* RECORDED DATA *
-- Opening Marker --

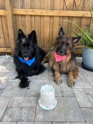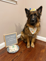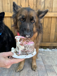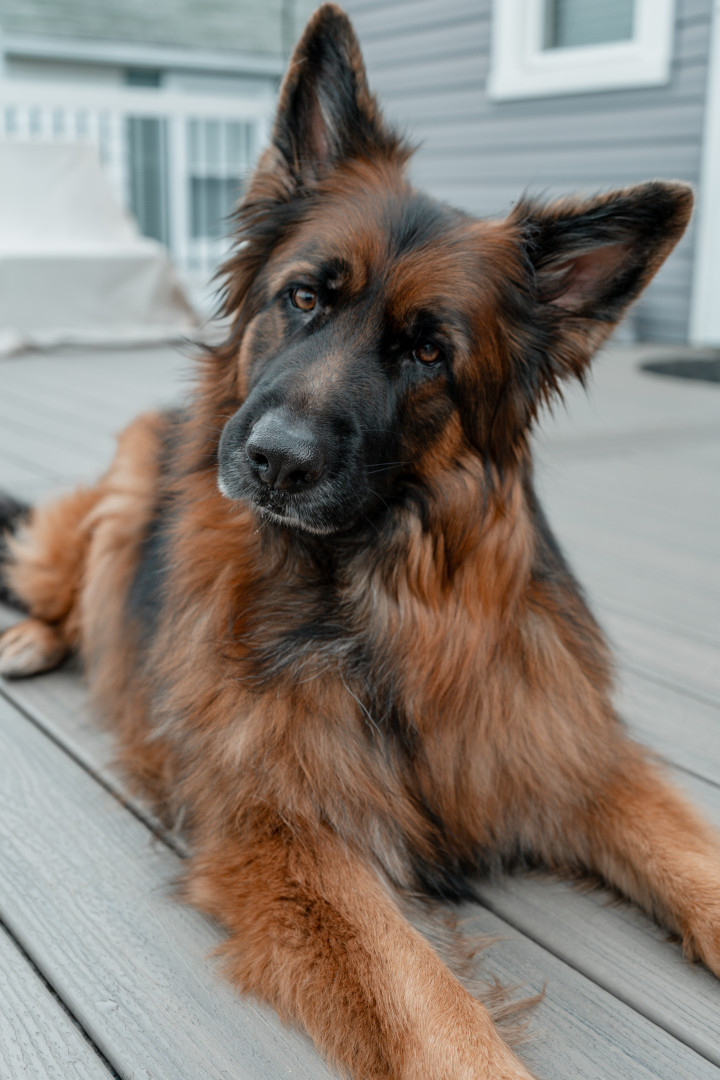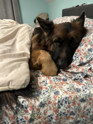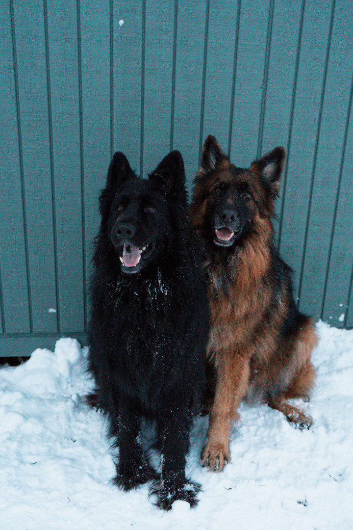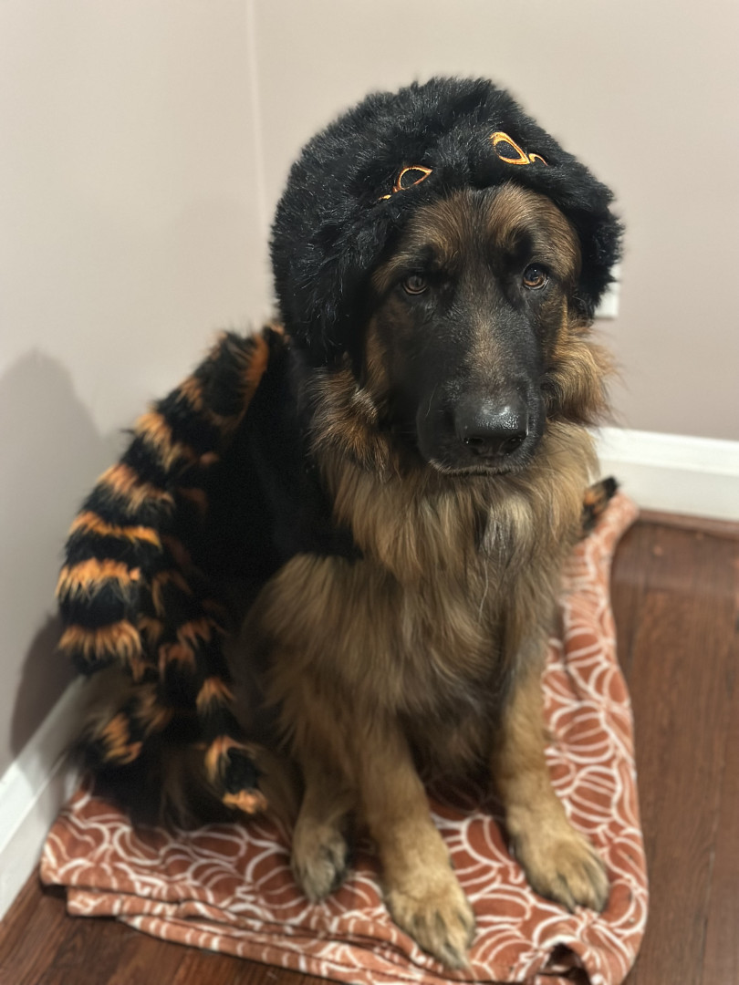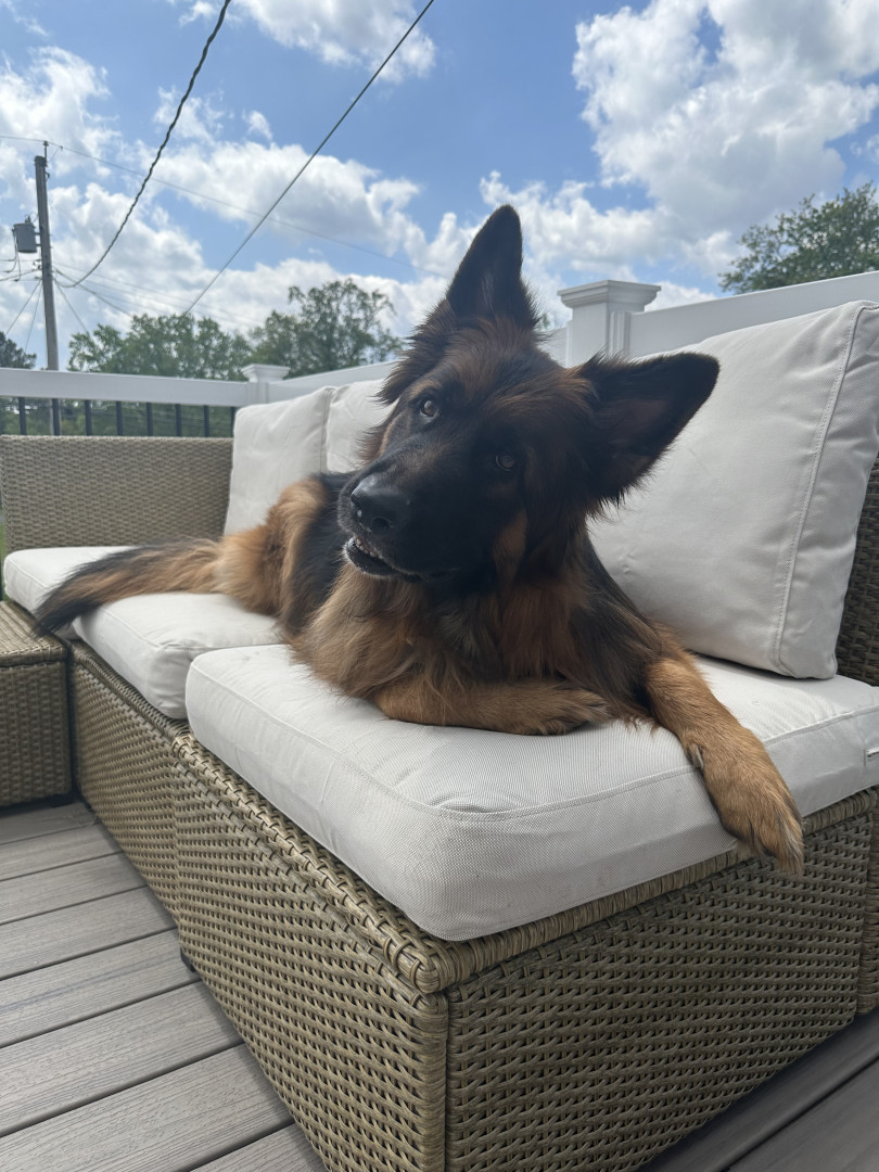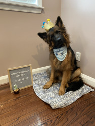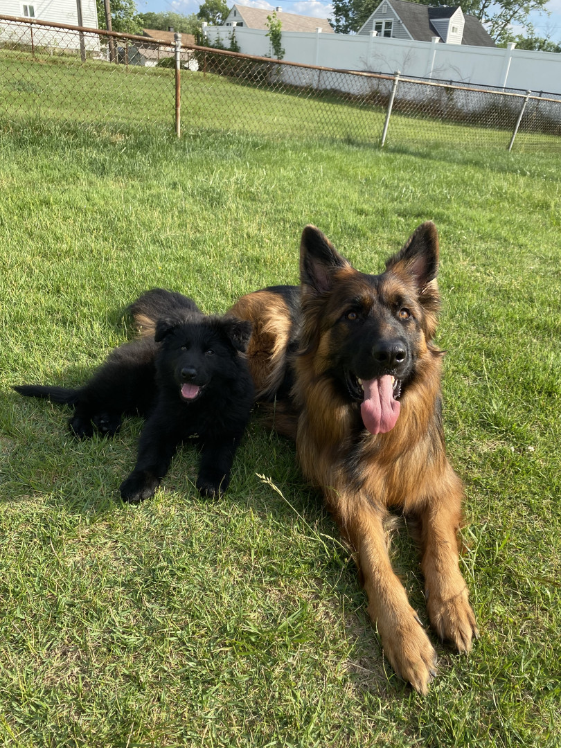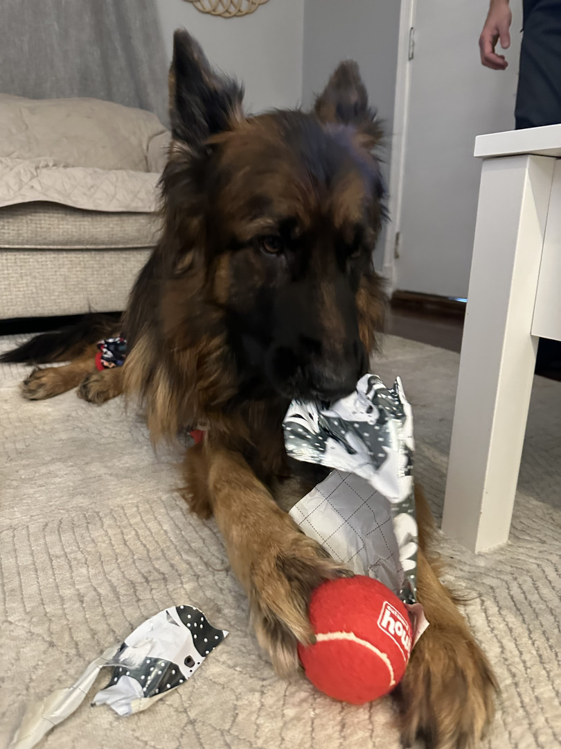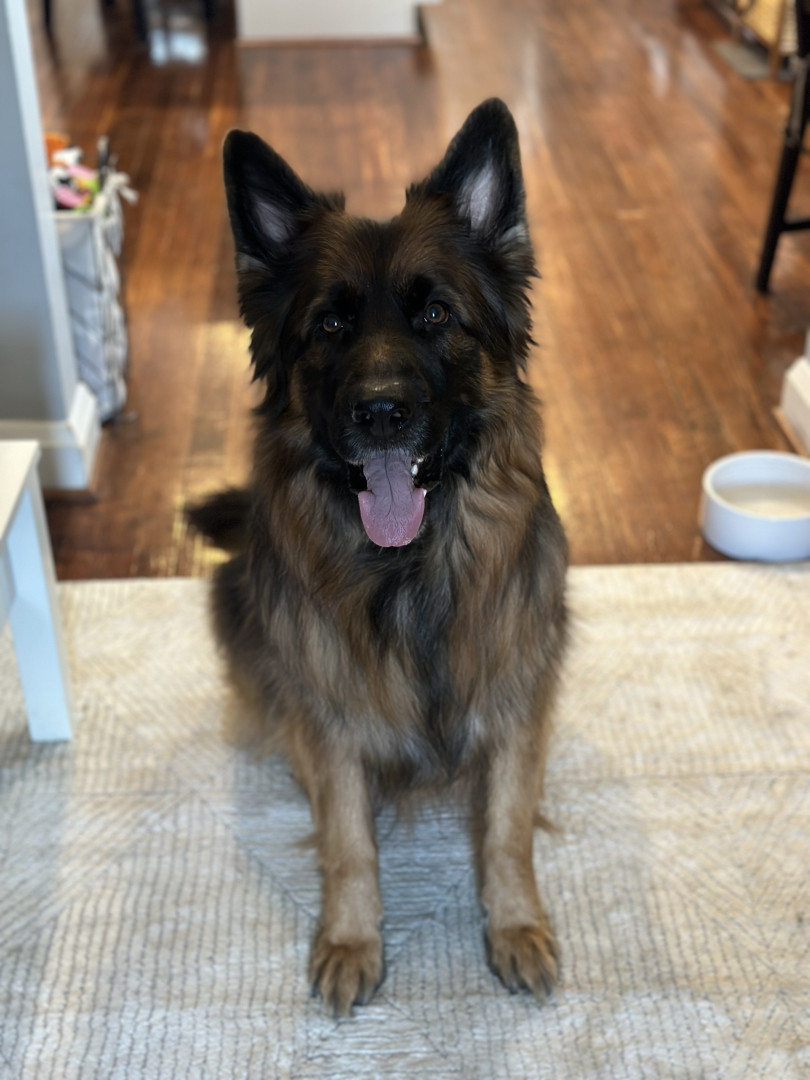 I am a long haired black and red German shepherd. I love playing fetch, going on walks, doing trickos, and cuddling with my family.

-- Closing Marker --
-- Opening Marker --

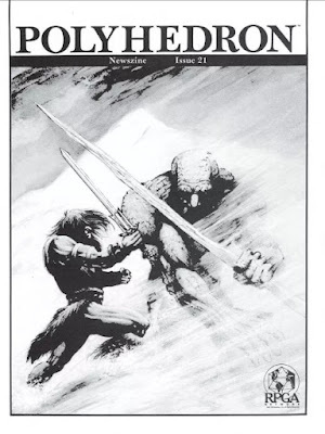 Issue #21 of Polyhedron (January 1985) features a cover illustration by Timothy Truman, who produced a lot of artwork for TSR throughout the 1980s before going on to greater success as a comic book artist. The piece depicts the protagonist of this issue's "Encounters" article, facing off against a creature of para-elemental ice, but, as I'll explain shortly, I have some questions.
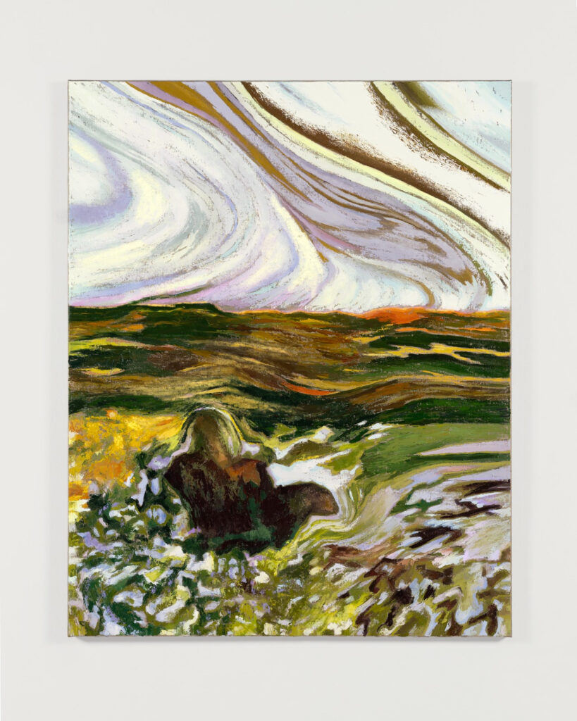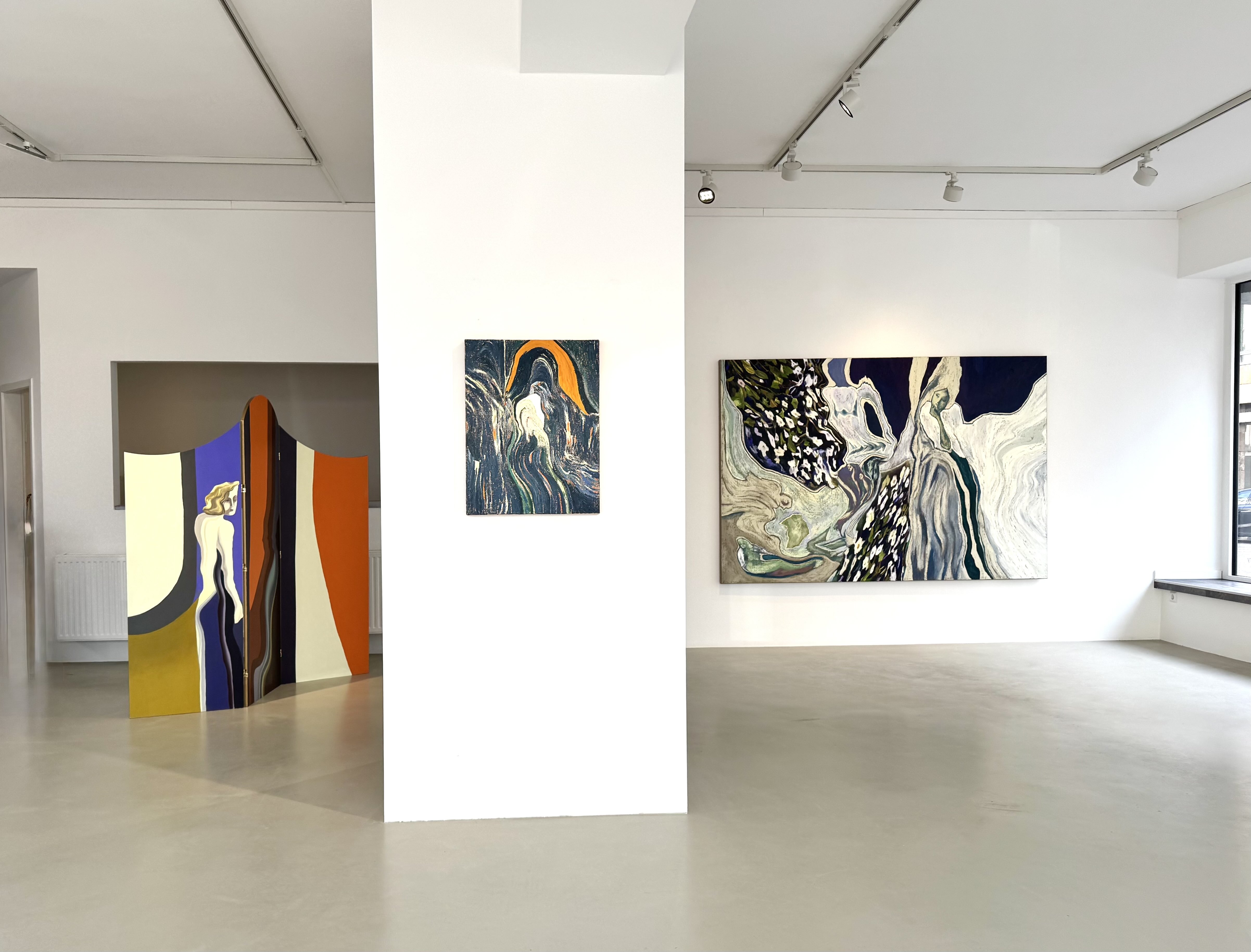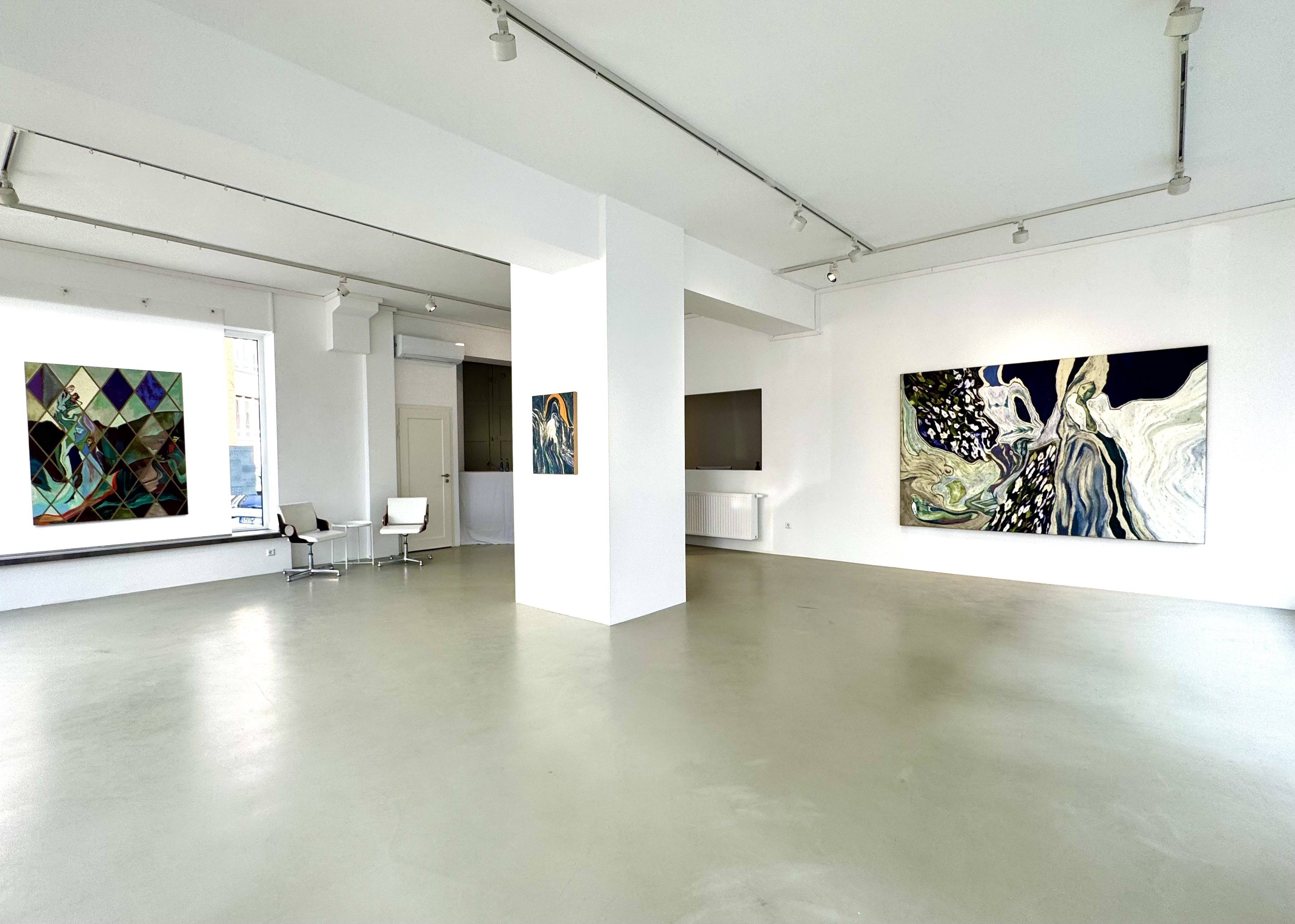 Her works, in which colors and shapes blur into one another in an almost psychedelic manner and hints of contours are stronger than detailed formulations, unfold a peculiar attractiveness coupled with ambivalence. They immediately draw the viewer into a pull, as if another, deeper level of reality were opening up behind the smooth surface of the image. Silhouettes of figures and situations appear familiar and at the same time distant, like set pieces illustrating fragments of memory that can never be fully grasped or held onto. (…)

-- Closing Marker --

* ASSIGNMENT *
Output only the lines above from the one containing "Issue #21 of" to the one containing "Her works, in", both included, exactly as written and with no pictures.

* OUTPUT BELOW *
 Issue #21 of Polyhedron (January 1985) features a cover illustration by Timothy Truman, who produced a lot of artwork for TSR throughout the 1980s before going on to greater success as a comic book artist. The piece depicts the protagonist of this issue's "Encounters" article, facing off against a creature of para-elemental ice, but, as I'll explain shortly, I have some questions.
 Her works, in which colors and shapes blur into one another in an almost psychedelic manner and hints of contours are stronger than detailed formulations, unfold a peculiar attractiveness coupled with ambivalence. They immediately draw the viewer into a pull, as if another, deeper level of reality were opening up behind the smooth surface of the image. Silhouettes of figures and situations appear familiar and at the same time distant, like set pieces illustrating fragments of memory that can never be fully grasped or held onto. (…)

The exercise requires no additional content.